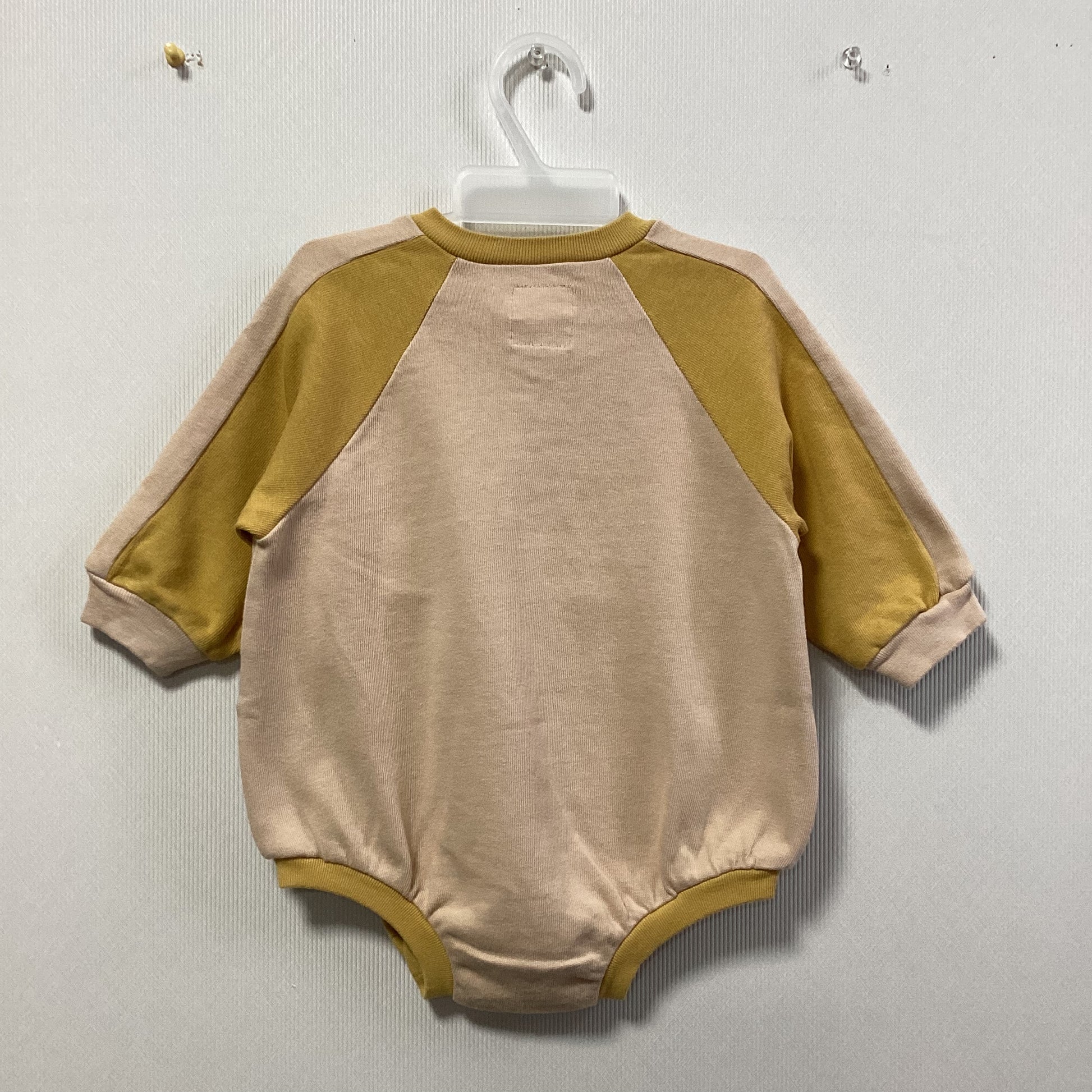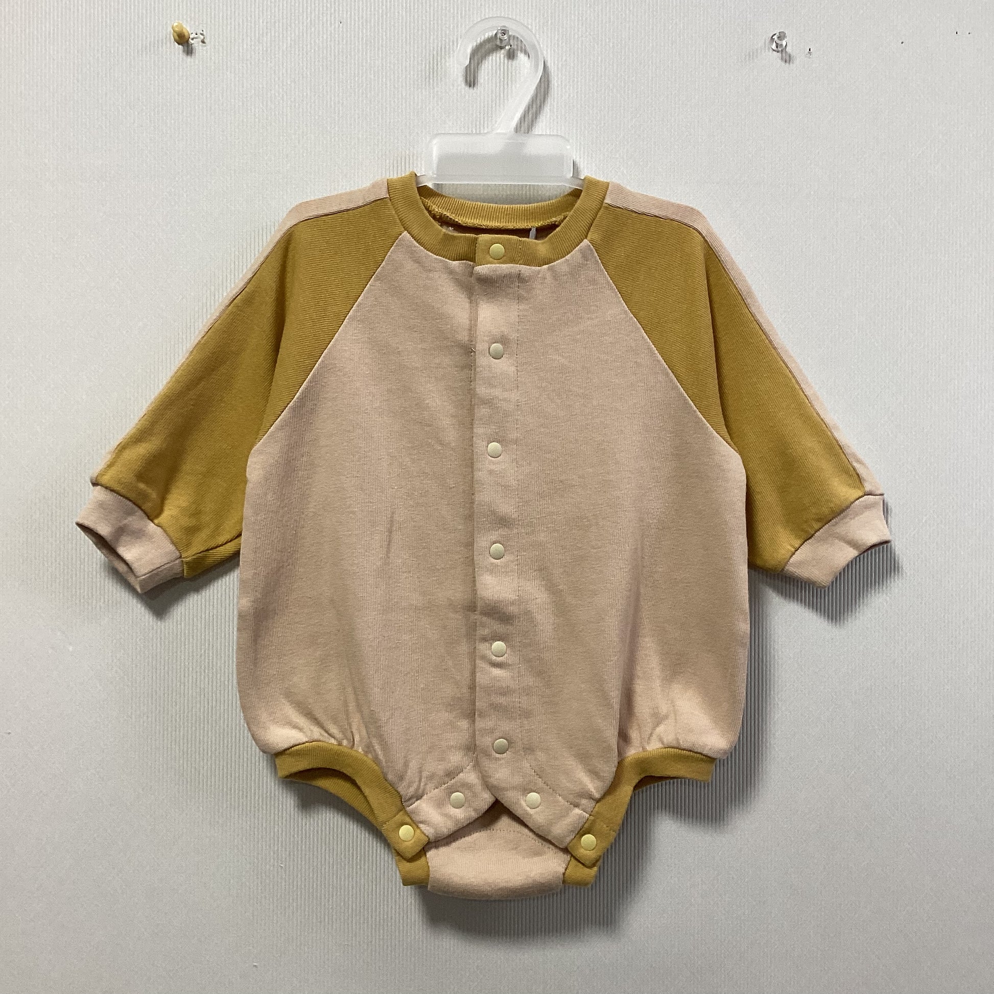 スナップボタン付きで前開きにできる長袖ロンパースです。
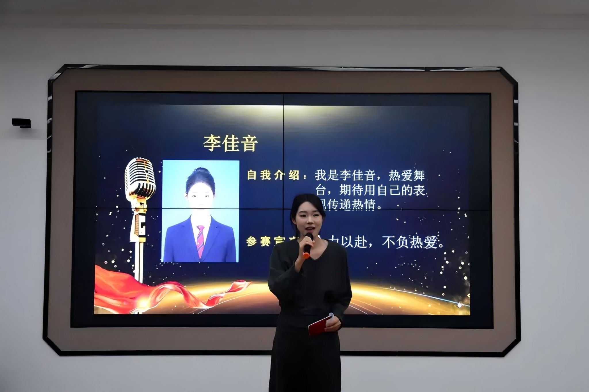 新闻网讯(通讯员 刘宸炜)“声韵暖如玉,入耳清灵;辞气慨而慷,尽显青春锋芒。”为丰富校园文化生活,营造积极向上、健康文明的校园文化氛围,提升广大青年学生的语言表达能力、逻辑思维能力,11月17日晚7时,“新声绽放,语你同行”“金话筒”主持人大赛决赛在北湖东区主楼301教室圆满收官。9名选手在本次比赛中同台竞技,学院党委组织员崔元慧老师、学生党支部书记初靖皓老师莅临指导。让我们共同回顾这场“声”与“情”的盛宴!
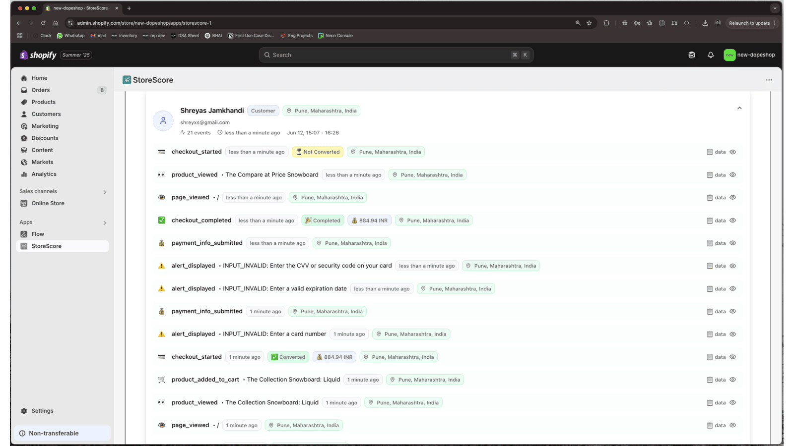 StoreScore is your store’s eyes. One tiny pixel notes every move—page views, product looks, cart adds or drops, checkout steps, sales. The live board shows sales, visitors, sessions, and the spots where shoppers leave. Click any session for a clear, city-tagged path with items and discounts. Need focus? Quick filters let you pick a date, customer type, or traffic source in seconds. See which products shine, which pages lag, and act now! Data never leaves Shopify, and setup takes seconds.
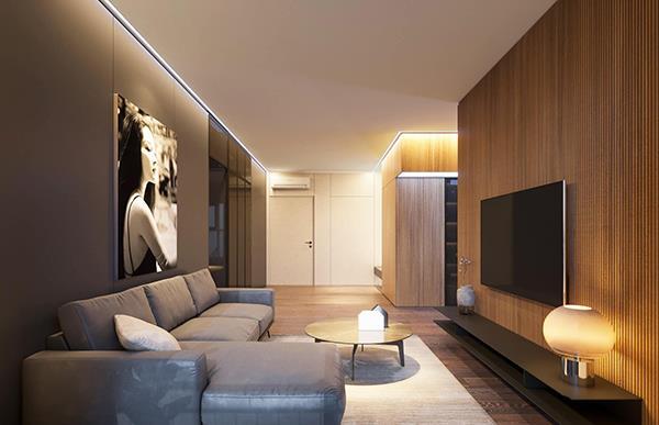 Căn hộ của Minh Hương được thiết kế theo phong cách đơn giản, hiện đại và tinh tế với gam màu nâu và xám làm chủ đạo. Cô tận dụng từng không gian trong nhà để lắp đặt những tủ để đồ thông minh, gọn gàng.
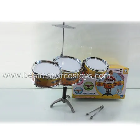 This is a toy drum set with 3 drums and 2 drum sticks. It is made of quality materials for a long service life. This toy musical instrument set will bring endless fun to your little kids.
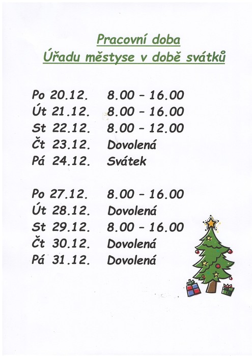 Úřad městyse Nepomyšl - pracovní doba o vánočních svátcích
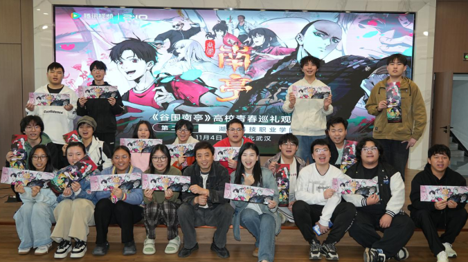 当行业瞩目的动漫作品与校园课堂惊喜联动,会碰撞出怎样的火花?近日,随着爆款动画《谷围南亭》在平台热映,其背后的“00后”创作团队成员——来自湖北科技职业学院艺术创意学院动漫设计专业与两点十分公司共建企业学院的39名学生,以项目制作组成员的身份荣耀返校,带来了一场“沉浸式”项目宣讲会,引爆校园热议。
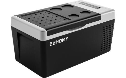 EUHOMYの18Lポータブル冷蔵庫は、車載・家庭両用のコンプレッサー式冷蔵庫。-20℃〜20℃までの温度調整が可能で、急速冷凍にも対応。キャンプや車中泊、災害時の備え、一人暮らしにも活躍する多用途モデルです。
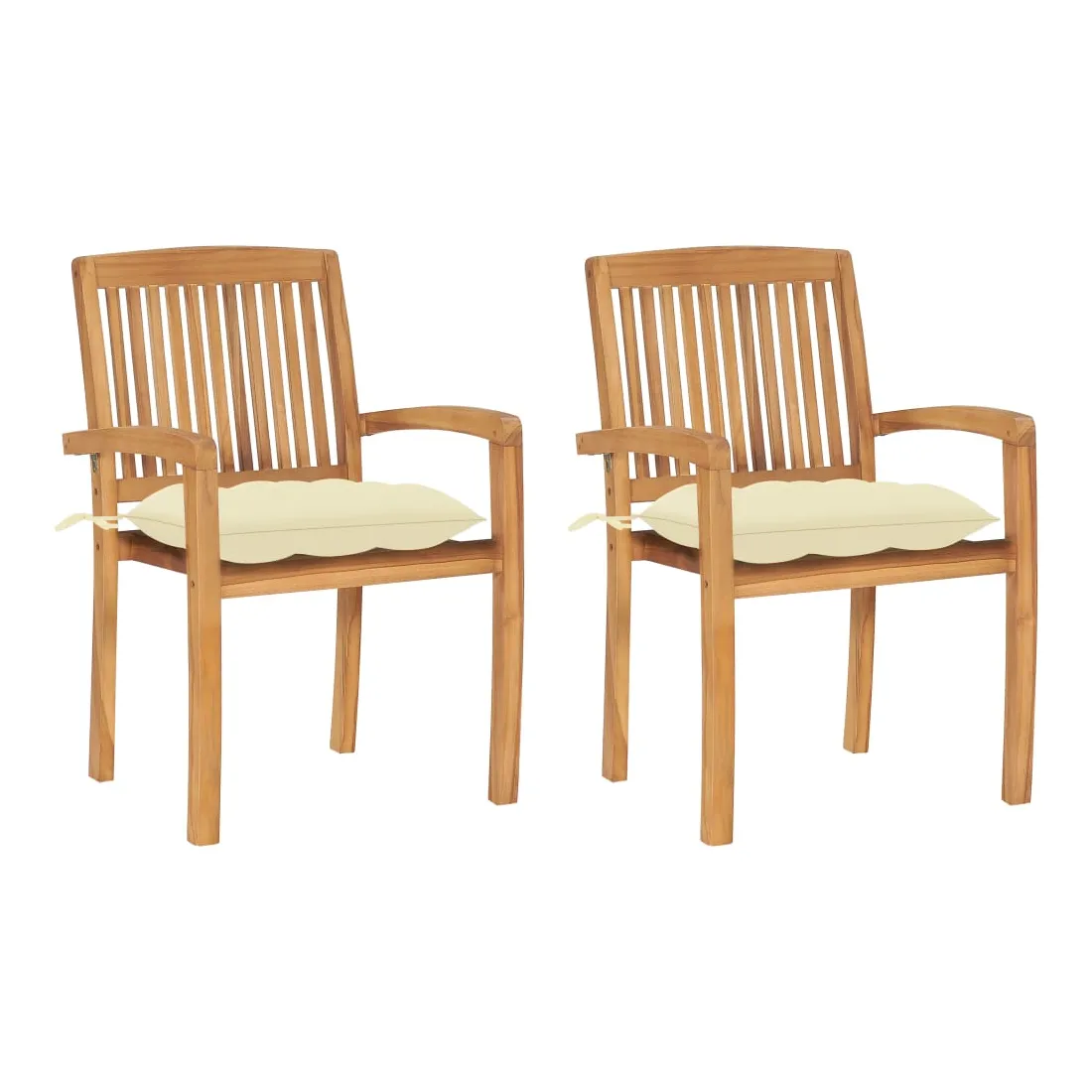 Chaises de jardin lot de 2 et coussins blanc crème Bois de teck
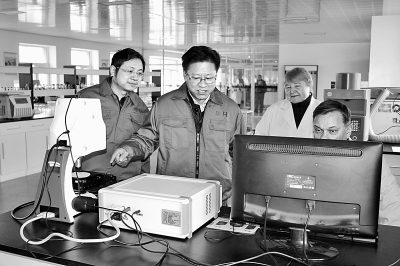鹤岗华升石墨股份有限公司的专家们在检测石墨烯质量。资料图片
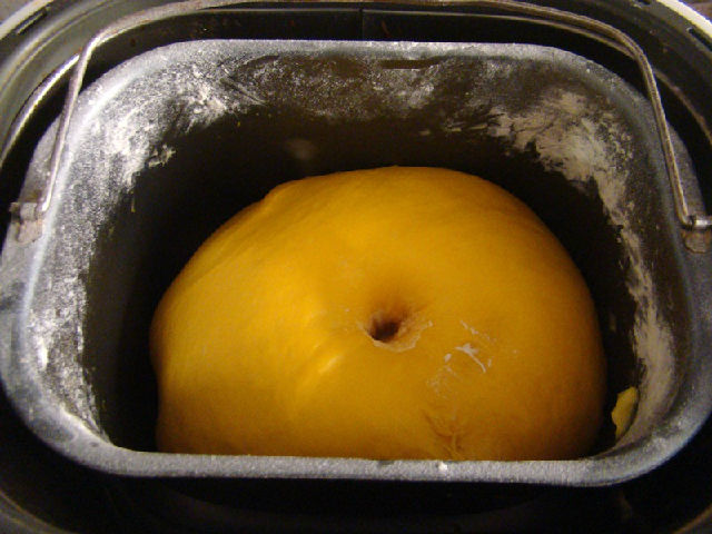 8,把所有面團(tuán)原料放入面包機(jī)內(nèi)攪拌至擴(kuò)展階段。
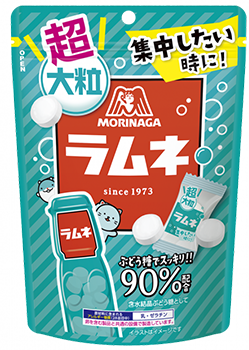 通常のラムネの約2倍サイズで、ひと粒で爽快リフレッシュできる「超大粒ラムネ」。噛んだ瞬間に広がる清涼感とシュワッとした口どけがクセになります。集中したいときや勉強中にぴったりのリフレッシュできるお菓子です!
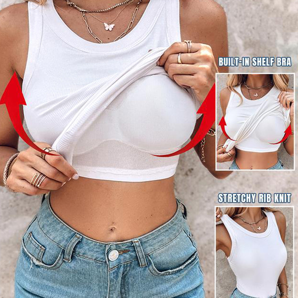 Round Neck Built-in Bra Ribbed Tank Top Fit Casual Comfortableš„
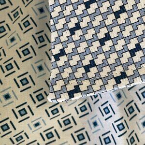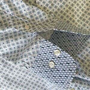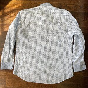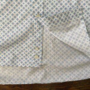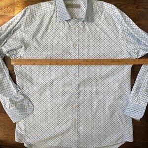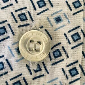 Selling an Etro long-sleeve button-up Cotton shirt White with Blue Geometric pattern-Size 44. 100% cotton. The shirt features a classic collar, buttoned cuffs, and a curved hem. Made in Italy. Pristine pre-loved condition.
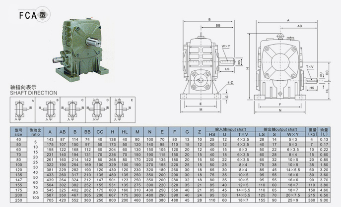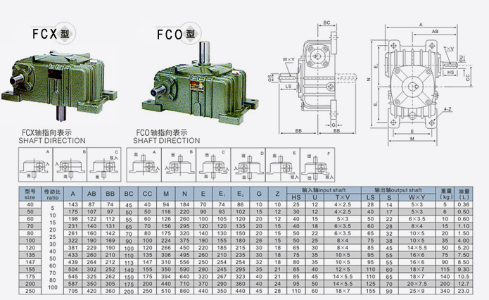 FC單級減速機型號參數(shù)

____

[PROBLEM TO SOLVE] Up to and including the last line of the listing, starting at the line with "鹤岗华升石墨股份有限公司的专家们在检测石墨烯质量。资料图片", extract every line exactly and leave out the pictures.

[ANSWER FOR THE TASK]
鹤岗华升石墨股份有限公司的专家们在检测石墨烯质量。资料图片
 8,把所有面團(tuán)原料放入面包機(jī)內(nèi)攪拌至擴(kuò)展階段。
 通常のラムネの約2倍サイズで、ひと粒で爽快リフレッシュできる「超大粒ラムネ」。噛んだ瞬間に広がる清涼感とシュワッとした口どけがクセになります。集中したいときや勉強中にぴったりのリフレッシュできるお菓子です!
 Round Neck Built-in Bra Ribbed Tank Top Fit Casual Comfortableš„
 Selling an Etro long-sleeve button-up Cotton shirt White with Blue Geometric pattern-Size 44. 100% cotton. The shirt features a classic collar, buttoned cuffs, and a curved hem. Made in Italy. Pristine pre-loved condition.
 FC單級減速機型號參數(shù)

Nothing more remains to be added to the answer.